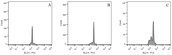 Histogram of flow cytometry analysis. (A) diploid (peak fluorescence at 2000); (B) tetraploid (peak fluorescence at 4000); (C) Diploid-tetraploid mixoploids (exhibiting peaks at both 2000 and 4000 fluorescence values). The x-axis represents the DNA content (PI fluorescence intensity), and the y-axis represents the number of nuclei counted.
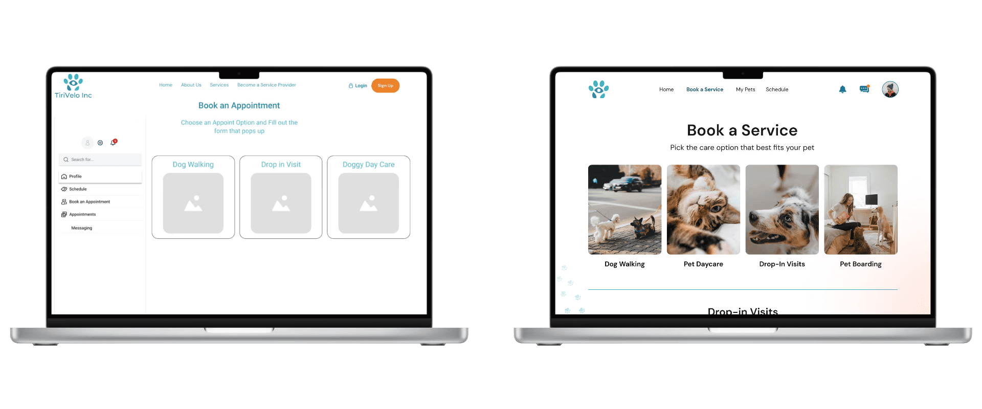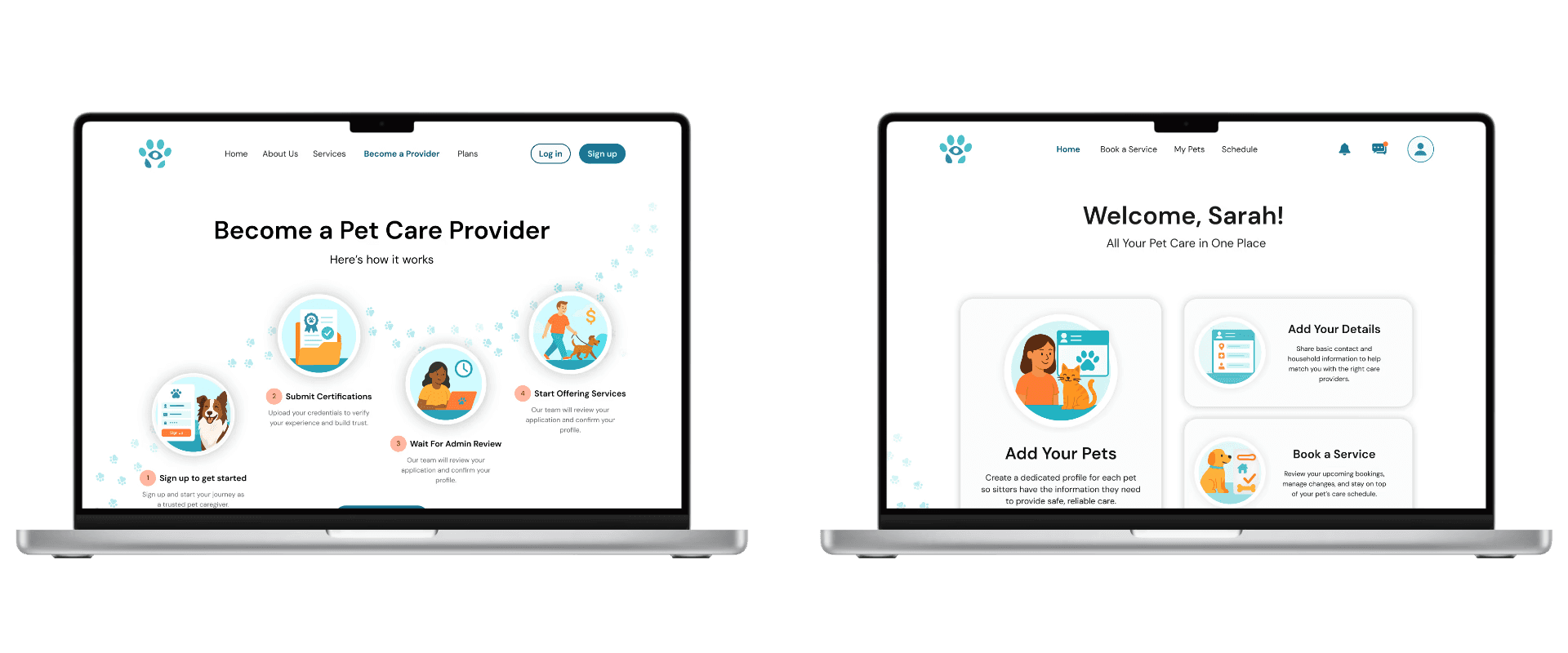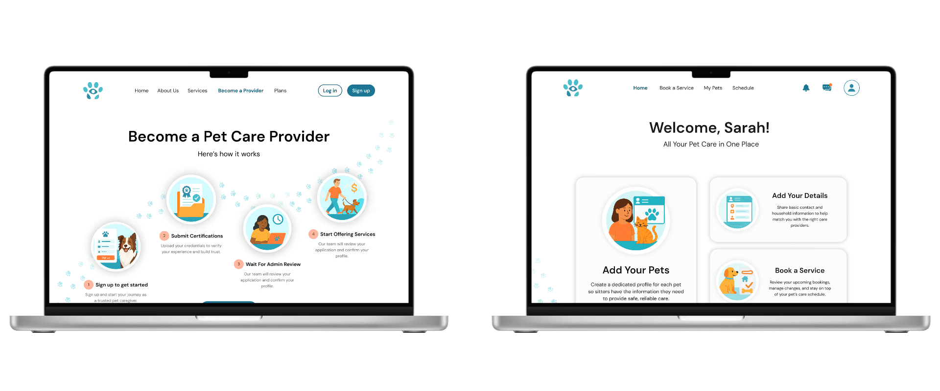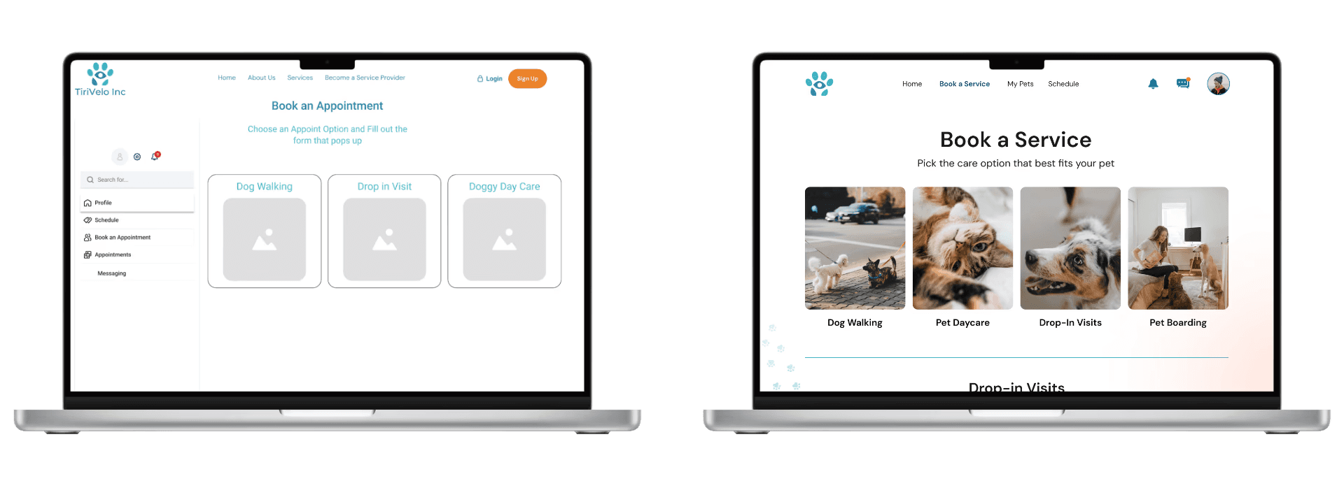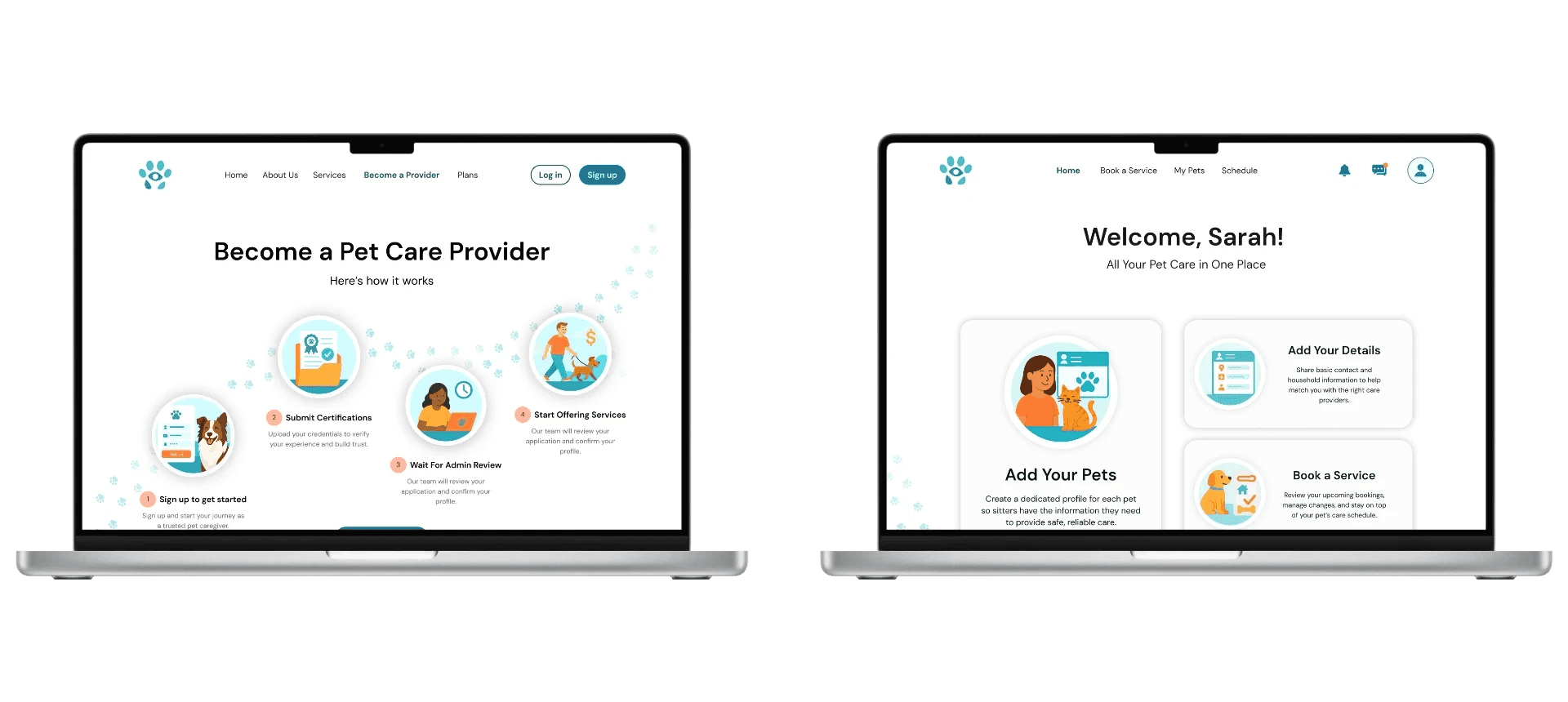 To resolve this, the first-time landing experience was restructured to reflect users’ mental model. Instead of showing an empty schedule, the updated layout introduces a clear “Add Your Details” card alongside “Add Pet Details,” followed by “Book a Service.” This sequence reinforces that both human and pet information are required before scheduling care, while reserving the schedule view for returning users.
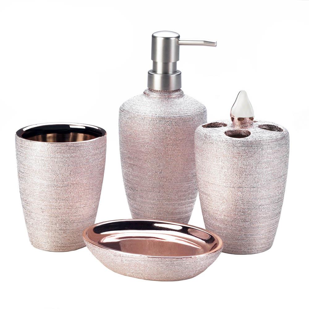 • Chic rose gold shimmer will make your bathroom a stylish oasis! This lovely bath accessory set includes a soap/lotion pump, toothbrush holder, soap dish and cup.
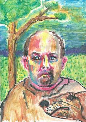 My weird artist is BRYAN LEWIS SAUNDERS. He has done self-portraits since March 1995. So, he has done over 12,000 self-portraits. I have only done two self-portraits. I start another one. Confession time...I only have the background done.
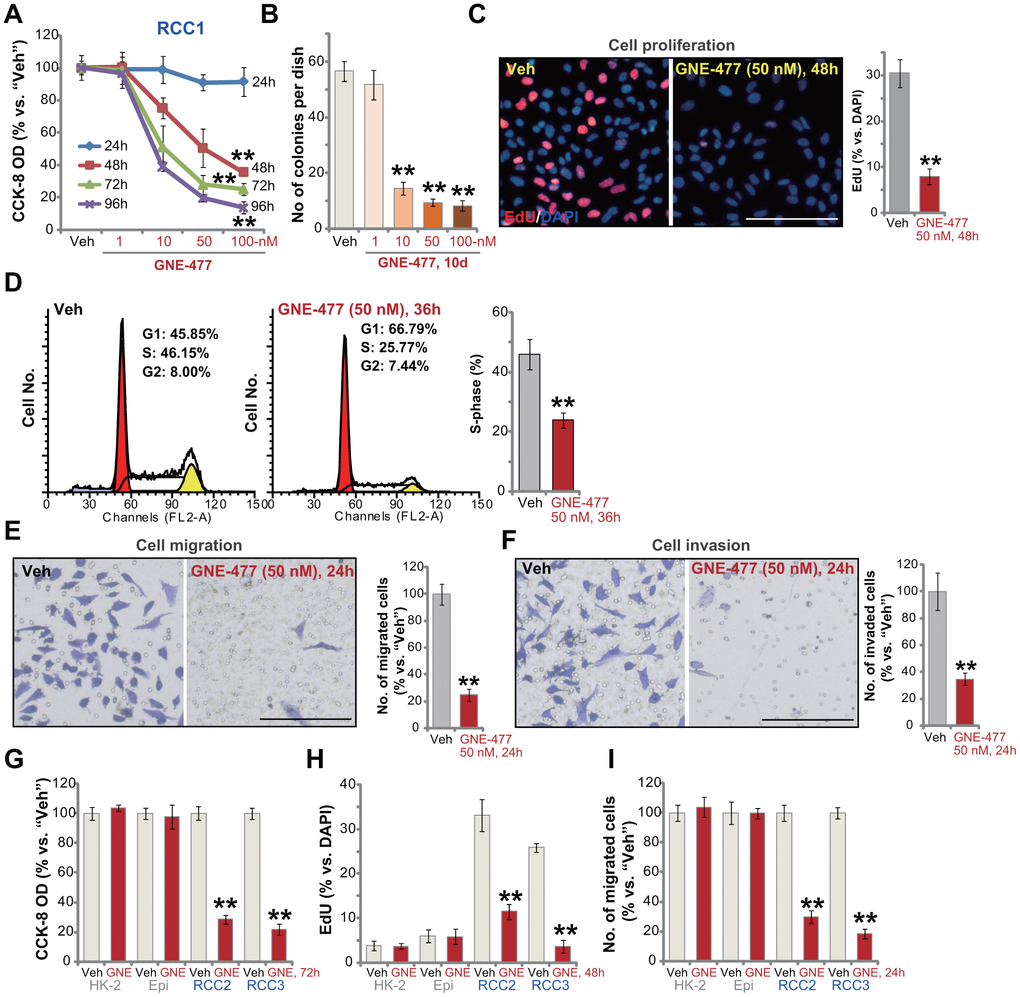 GNE-477 potently inhibits human RCC cell survival, proliferation, cell cycle progression, migration and invasion
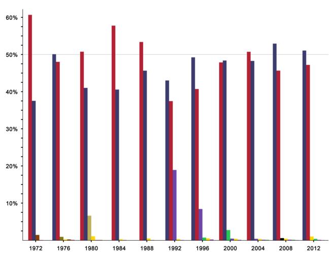 | Keywords: United States presidential election results bar graph (Expanded).png Key FFD900 Libertarian Party 1px AAAAAA solid 3C3B6E Democratic Party 1px AAAAAA solid B22234 Republican Party 1px AAAAAA solid FF0000 Communist Party USA 1px AAAAAA solid 884200 American Independent Party 1px AAAAAA solid 827C1D Eugene J McCarthy 1px AAAAAA solid BDB159 National Unity Party John B Anderson 1px AAAAAA solid 6B47AA Ross Perot/Reform Party of the United States of America 1px AAAAAA solid AB37C8 Constitution Party United States 1px AAAAAA solid 27C851 Greens/Green Party USA/Green Party of the United States 1px AAAAAA solid 000000 Ralph Nader other 1px AAAAAA solid F13A8D Ron Paul other 1px AAAAAA solid Notes <p>Although Ross Perot had not yet formed the Reform Party of the United States of America in 1992 his 1992 run is nevertheless displayed above as a Reform Party run <p>Although the Libertarian Party was on the ballot in all fifty United States plus D C in 2000 the Libertarian Party of Arizona due to a conflict with the national party opted to place L Neil Smith on the ballot in place of the national party's nominee Harry Browne The 5 775 votes received by Smith are included in the party's 2000 total <p>The Green Party that nominated candidates for the presidency in 1996 and 2000 was the Greens/Green Party USA The Green Party that nominated candidates for the presidency ever since has been the Green Party of the United States <p>Although Ron Paul did not run in the general elections of 2008 or 2012 supporters nevertheless got his name on the ballot in some states and got him write-in access in others Ron Paul was also the Libertarian Party nominee in 1988 own 22 March 2016 allixpeeke 200px Bar graph 175px Line graph 175px Expanded line graph Category American Independent Party presidential graphs Cc-zero United States presidential election statistics United States presidential election 1972 United States presidential election 1976 United States presidential election 1980 United States presidential election 1984 United States presidential election 1988 United States presidential election 1992 United States presidential election 1996 United States presidential election 2000 United States presidential election 2004 United States presidential election 2008 Libertarian Party presidential graphs United States Libertarian Party 1972 presidential campaign United States Libertarian Party 1976 presidential campaign United States Libertarian Party 1980 presidential campaign United States Libertarian Party 1984 presidential campaign United States Libertarian Party 1988 presidential campaign United States Libertarian Party 1992 presidential campaign United States Libertarian Party 1996 presidential campaign United States Libertarian Party 2000 presidential campaign United States Libertarian Party 2004 presidential campaign United States Libertarian Party 2008 presidential campaign United States Libertarian Party 2012 presidential campaign United States Democratic Party presidential graphs United States United States Democratic Party 1972 presidential campaign United States Democratic Party 1976 presidential campaign United States Democratic Party 1980 presidential campaign United States Democratic Party 1984 presidential campaign United States Democratic Party 1988 presidential campaign United States Democratic Party 1992 presidential campaign United States Democratic Party 1996 presidential campaign Al Gore presidential campaign 2000 United States Democratic Party 2004 presidential campaign United States Democratic Party 2008 presidential campaign United States Democratic Party 2012 presidential campaign Republican Party presidential graphs United States United States Republican Party 1972 presidential campaign United States Republican Party 1976 presidential campaign United States Republican Party 1980 presidential campaign United States Republican Party 1984 presidential campaign United States Republican Party 1988 presidential campaign United States Republican Party 1992 presidential campaign United States Republican Party 1996 presidential campaign George W Bush presidential campaign 2000 George W Bush presidential campaign 2004 United States Republican Party 2008 presidential campaign United States Republican Party 2012 presidential campaign Green Party of the United States presidential graphs Greens/Green Party USA 1996 presidential campaign Greens/Green Party USA 2000 presidential campaign Green Party of the United States 2004 presidential campaign Green Party of the United States 2008 presidential campaign Green Party of the United States 2012 presidential campaign Constitution Party presidential graphs United States U S Taxpayers Party 1992 presidential campaign U S Taxpayers Party 1996 presidential campaign Constitution Party 2000 presidential campaign United States Constitution Party 2004 presidential campaign United States Constitution Party 2008 presidential campaign United States Constitution Party 2012 presidential campaign United States Ron Paul graphs Ron Paul presidential campaign 2008 Ron Paul presidential campaign 2012 Ralph Nader graphs Ralph Nader presidential campaign 2000 Ralph Nader presidential campaign 2008 Reform Party of the United States of America presidential graphs Ross Perot presidential campaign 1992 Reform Party of the United States of America 1996 presidential campaign Reform Party of the United States of America 2000 presidential campaign Reform Party of the United States of America 2004 presidential campaign Communist Party USA presidential graphs National Unity Party presidential graphs United States Eugene McCarthy presidential graphs Political bar charts Electoral timelines of the United States of America Gary Johnson graphs |
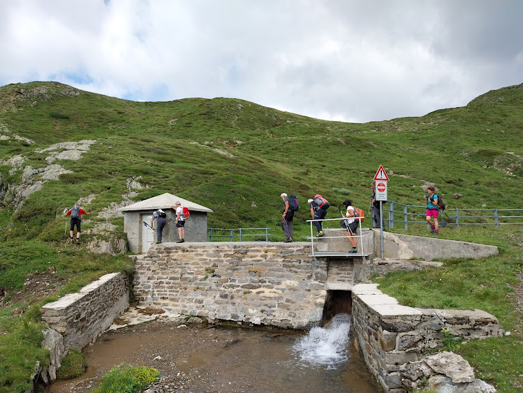 Dopo una breve pausa ci dirigiamo a nord ovest sul sentiero G28 diretto alla Punta di Valrossa. Lungo il percorso continuiamo ad osservare robuste vacche il cui latte verrà presto trasformato in prezioso formaggio Bettelmatt. Dopo una brevissima pausa per “abbeverarci” a Baita Darioli, 2235, saliamo rapidamente ad attraversare il Rio Rotental in corrispondenza della dighetta da cui parte la condotta verde in bella vista che porta l’acqua al Lago Castel, circa cinquanta metri più in basso.
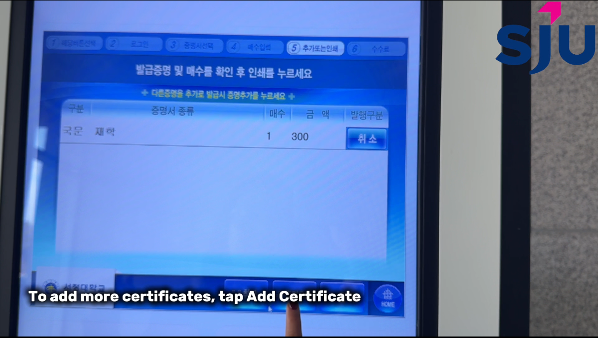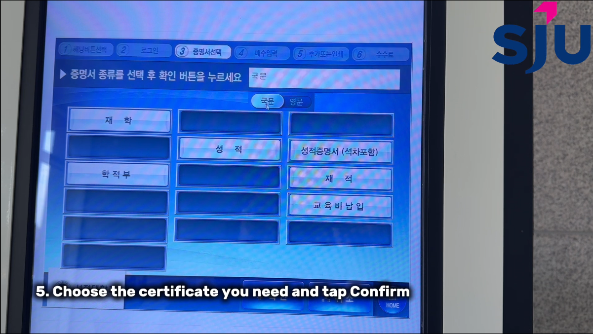 ④ Choose the certificate language (Korean/English).
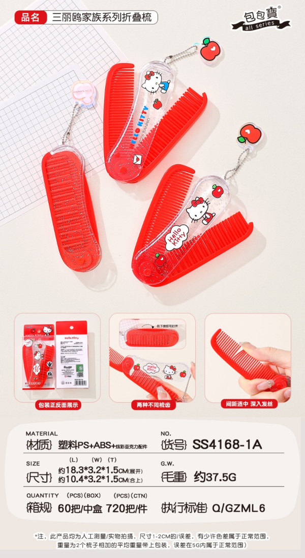 ※加入購物車後,須完成訂單, 系統才會轉成最終的批發價格 選購上若有疑問, 可取消訂單或是私訊新創小幫手唷! ❤ KT-紅蘋果折疊梳 系列❤ ▪批量級距價格▪ ♥下單 1 個以上 $ 61 /元 ♥下單 6 個以上 $ 42 /元 ♥下單 12 個以上 $ 38 /元 SS4168-1A 折疊尺寸1.5x3.2x10.4cm 展開尺寸1.5x3.2x18.3cm 一包12入,整包販售 一箱720入
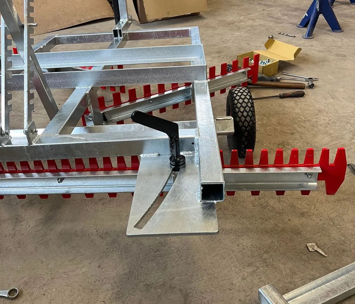 Dubbla rader harvpinnar, justerbara med tryckstång.

· · · · ·

What to work on
If any entry holds a picture, drop the picture and copy everything else exactly.

Your response
 Histogram of flow cytometry analysis. (A) diploid (peak fluorescence at 2000); (B) tetraploid (peak fluorescence at 4000); (C) Diploid-tetraploid mixoploids (exhibiting peaks at both 2000 and 4000 fluorescence values). The x-axis represents the DNA content (PI fluorescence intensity), and the y-axis represents the number of nuclei counted.
 To resolve this, the first-time landing experience was restructured to reflect users’ mental model. Instead of showing an empty schedule, the updated layout introduces a clear “Add Your Details” card alongside “Add Pet Details,” followed by “Book a Service.” This sequence reinforces that both human and pet information are required before scheduling care, while reserving the schedule view for returning users.
 • Chic rose gold shimmer will make your bathroom a stylish oasis! This lovely bath accessory set includes a soap/lotion pump, toothbrush holder, soap dish and cup.
 My weird artist is BRYAN LEWIS SAUNDERS. He has done self-portraits since March 1995. So, he has done over 12,000 self-portraits. I have only done two self-portraits. I start another one. Confession time...I only have the background done.
 GNE-477 potently inhibits human RCC cell survival, proliferation, cell cycle progression, migration and invasion
 | Keywords: United States presidential election results bar graph (Expanded).png Key FFD900 Libertarian Party 1px AAAAAA solid 3C3B6E Democratic Party 1px AAAAAA solid B22234 Republican Party 1px AAAAAA solid FF0000 Communist Party USA 1px AAAAAA solid 884200 American Independent Party 1px AAAAAA solid 827C1D Eugene J McCarthy 1px AAAAAA solid BDB159 National Unity Party John B Anderson 1px AAAAAA solid 6B47AA Ross Perot/Reform Party of the United States of America 1px AAAAAA solid AB37C8 Constitution Party United States 1px AAAAAA solid 27C851 Greens/Green Party USA/Green Party of the United States 1px AAAAAA solid 000000 Ralph Nader other 1px AAAAAA solid F13A8D Ron Paul other 1px AAAAAA solid Notes <p>Although Ross Perot had not yet formed the Reform Party of the United States of America in 1992 his 1992 run is nevertheless displayed above as a Reform Party run <p>Although the Libertarian Party was on the ballot in all fifty United States plus D C in 2000 the Libertarian Party of Arizona due to a conflict with the national party opted to place L Neil Smith on the ballot in place of the national party's nominee Harry Browne The 5 775 votes received by Smith are included in the party's 2000 total <p>The Green Party that nominated candidates for the presidency in 1996 and 2000 was the Greens/Green Party USA The Green Party that nominated candidates for the presidency ever since has been the Green Party of the United States <p>Although Ron Paul did not run in the general elections of 2008 or 2012 supporters nevertheless got his name on the ballot in some states and got him write-in access in others Ron Paul was also the Libertarian Party nominee in 1988 own 22 March 2016 allixpeeke 200px Bar graph 175px Line graph 175px Expanded line graph Category American Independent Party presidential graphs Cc-zero United States presidential election statistics United States presidential election 1972 United States presidential election 1976 United States presidential election 1980 United States presidential election 1984 United States presidential election 1988 United States presidential election 1992 United States presidential election 1996 United States presidential election 2000 United States presidential election 2004 United States presidential election 2008 Libertarian Party presidential graphs United States Libertarian Party 1972 presidential campaign United States Libertarian Party 1976 presidential campaign United States Libertarian Party 1980 presidential campaign United States Libertarian Party 1984 presidential campaign United States Libertarian Party 1988 presidential campaign United States Libertarian Party 1992 presidential campaign United States Libertarian Party 1996 presidential campaign United States Libertarian Party 2000 presidential campaign United States Libertarian Party 2004 presidential campaign United States Libertarian Party 2008 presidential campaign United States Libertarian Party 2012 presidential campaign United States Democratic Party presidential graphs United States United States Democratic Party 1972 presidential campaign United States Democratic Party 1976 presidential campaign United States Democratic Party 1980 presidential campaign United States Democratic Party 1984 presidential campaign United States Democratic Party 1988 presidential campaign United States Democratic Party 1992 presidential campaign United States Democratic Party 1996 presidential campaign Al Gore presidential campaign 2000 United States Democratic Party 2004 presidential campaign United States Democratic Party 2008 presidential campaign United States Democratic Party 2012 presidential campaign Republican Party presidential graphs United States United States Republican Party 1972 presidential campaign United States Republican Party 1976 presidential campaign United States Republican Party 1980 presidential campaign United States Republican Party 1984 presidential campaign United States Republican Party 1988 presidential campaign United States Republican Party 1992 presidential campaign United States Republican Party 1996 presidential campaign George W Bush presidential campaign 2000 George W Bush presidential campaign 2004 United States Republican Party 2008 presidential campaign United States Republican Party 2012 presidential campaign Green Party of the United States presidential graphs Greens/Green Party USA 1996 presidential campaign Greens/Green Party USA 2000 presidential campaign Green Party of the United States 2004 presidential campaign Green Party of the United States 2008 presidential campaign Green Party of the United States 2012 presidential campaign Constitution Party presidential graphs United States U S Taxpayers Party 1992 presidential campaign U S Taxpayers Party 1996 presidential campaign Constitution Party 2000 presidential campaign United States Constitution Party 2004 presidential campaign United States Constitution Party 2008 presidential campaign United States Constitution Party 2012 presidential campaign United States Ron Paul graphs Ron Paul presidential campaign 2008 Ron Paul presidential campaign 2012 Ralph Nader graphs Ralph Nader presidential campaign 2000 Ralph Nader presidential campaign 2008 Reform Party of the United States of America presidential graphs Ross Perot presidential campaign 1992 Reform Party of the United States of America 1996 presidential campaign Reform Party of the United States of America 2000 presidential campaign Reform Party of the United States of America 2004 presidential campaign Communist Party USA presidential graphs National Unity Party presidential graphs United States Eugene McCarthy presidential graphs Political bar charts Electoral timelines of the United States of America Gary Johnson graphs |
 Dopo una breve pausa ci dirigiamo a nord ovest sul sentiero G28 diretto alla Punta di Valrossa. Lungo il percorso continuiamo ad osservare robuste vacche il cui latte verrà presto trasformato in prezioso formaggio Bettelmatt. Dopo una brevissima pausa per “abbeverarci” a Baita Darioli, 2235, saliamo rapidamente ad attraversare il Rio Rotental in corrispondenza della dighetta da cui parte la condotta verde in bella vista che porta l’acqua al Lago Castel, circa cinquanta metri più in basso.
 ④ Choose the certificate language (Korean/English).
 ※加入購物車後,須完成訂單, 系統才會轉成最終的批發價格 選購上若有疑問, 可取消訂單或是私訊新創小幫手唷! ❤ KT-紅蘋果折疊梳 系列❤ ▪批量級距價格▪ ♥下單 1 個以上 $ 61 /元 ♥下單 6 個以上 $ 42 /元 ♥下單 12 個以上 $ 38 /元 SS4168-1A 折疊尺寸1.5x3.2x10.4cm 展開尺寸1.5x3.2x18.3cm 一包12入,整包販售 一箱720入
 Dubbla rader harvpinnar, justerbara med tryckstång.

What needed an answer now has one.